Спокойная старость… Король встал с кровати и вытер глаза тыльной стороной ладони.
Игельстрём опутал весь город сетью шпионов, выслеживая недовольных, масонов, заговорщиков. Он презирал поляков, но не знал их. Он сам превратил их в «якобинцев». Прозрение настало слишком поздно. Как для Людовика XVI: «Это бунт? – Нет, сир, это революция…»
Надо всё же послать кого-нибудь узнать, как обстоят дела.
Пройдя через туалетную комнату, кабинет и приемную, Станислав Август вышел в кордегардию и попятился от неожиданности, увидев там вооруженных мастеровых. Они, однако, взяли на караул, после чего двое, вытянувшись в струнку, остались стоять у дверей, а третий убежал. Он вскоре вернулся вместе с бравым усачом лет тридцати, в красном жупане и синем кунтуше, с двумя пистолетами за поясом.
– Ваше королевское величество! Радный Ян Килинский к вашим услугам! – отрекомендовался он осипшим голосом.
– Что вы здесь делаете? – выдавил из себя Понятовский.
– Ставлю караулы для охраны вашего величества!
– А где…
– Солдаты? – подсказал Килинский. – Вместе с народом стерегут москалей, чтоб не ускользнули!
Понятовский махнул рукой и ушёл обратно.
* * *К трем часам дня русских вытеснили почти отовсюду; они теперь держали оборону только во дворце Красинских, в монастыре капуцинов, возле дома Игельстрёма на Медовой и в Данцигском саду.
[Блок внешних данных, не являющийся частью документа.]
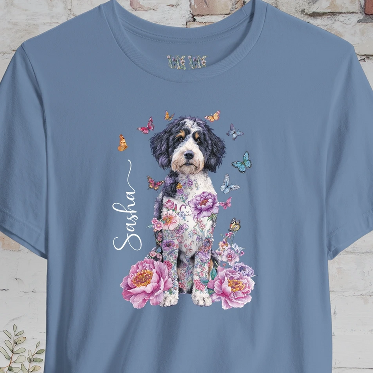 🦋 Celebrate your love for your Bernedoodle with our Personalized Bernedoodle T-shirt, featuring beautiful Peonys & delicate butterflies. This custom gift is perfect for any Bernedoodle lover or owner, offering a floral custom shirt that's as unique as their bond with their furry friend. Add your fur baby's name for that special touch, or give as a perfect gift to a loved one.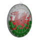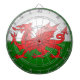 Walisisches Design-Dartboard mit rotem Drachenpassant und Hintergrund in Grün und Weiß.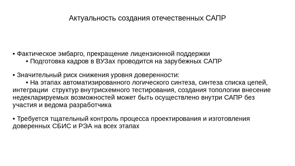 Актуальность создания отечественных САПР• Фактическое эмбарго, прекращение лицензионной поддержки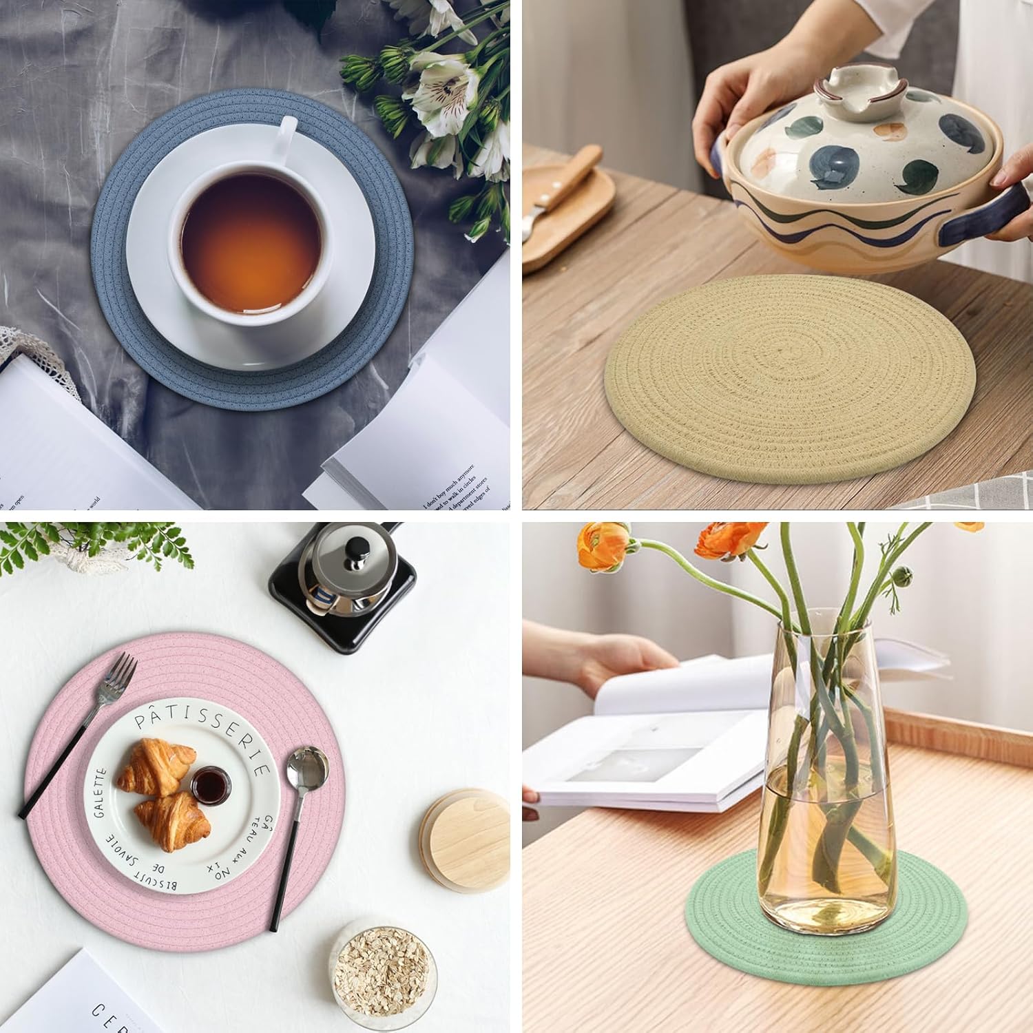 - Uses: These mats can not only be used as platemats, coasters, trivets, but also can be used as kitchen hot pads, can be placed in vases and flower pots. They are protective and decorative mats for table.

Ко всем заборам поляки подтащили пушки и проделали бойницы для них. Тем временем в ратуше состоялись выборы городского совета. Президентом его снова стал Игнаций Закжевский, в свое время оставивший этот пост, чтобы не поддерживать тарговичан, военным губернатором Варшавы – генерал Мокроновский, а еще в совет вошли двенадцать вельмож, восемь шляхтичей и шесть мещан, включая Килинского. Ему поручили охрану короля.
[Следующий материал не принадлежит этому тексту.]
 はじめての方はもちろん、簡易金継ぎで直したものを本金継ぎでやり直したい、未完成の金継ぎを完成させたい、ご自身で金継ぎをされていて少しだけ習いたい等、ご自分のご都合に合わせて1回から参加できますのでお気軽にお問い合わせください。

Было около пяти вечера, когда Ян наконец-то вернулся к себе на Широкий Дунай. Голова слегка кружилась – с раннего утра маковой росинки во рту не было. Да и кто бы сохранил ясную голову в такой круговерти – словно несколько жизней прожил за один день! Тяжело ступая, Килинский поднялся на четвертый этаж, отпер дверь, остановился на пороге, опершись о притолоку. Марыля вскочила со стула, увидев его, да так и замерла, ни слова не сказала. Ту бумагу, про которую он говорил ей утром, она нашла. Это было завещание: Ян делил свое имущество между нею и детьми. Дети, голодные и уставшие от плача, спали рядком на кровати. Муж пришел живой. Ну и слава Богу.
Глава II
Екатерина скомкала письмо от Игельстрёма и стукнула кулаком по уборному столику.
– Счастлив этот старик, что прежние его заслуги сохраняются в моей памяти!
Нет, каково? Имея под своим началом восемь тысяч штыков, можно было прихлопнуть любой заговор, словно комара! А он теперь ее стращает скорой революцией в Литве и прилагает к письму манифест Костюшки!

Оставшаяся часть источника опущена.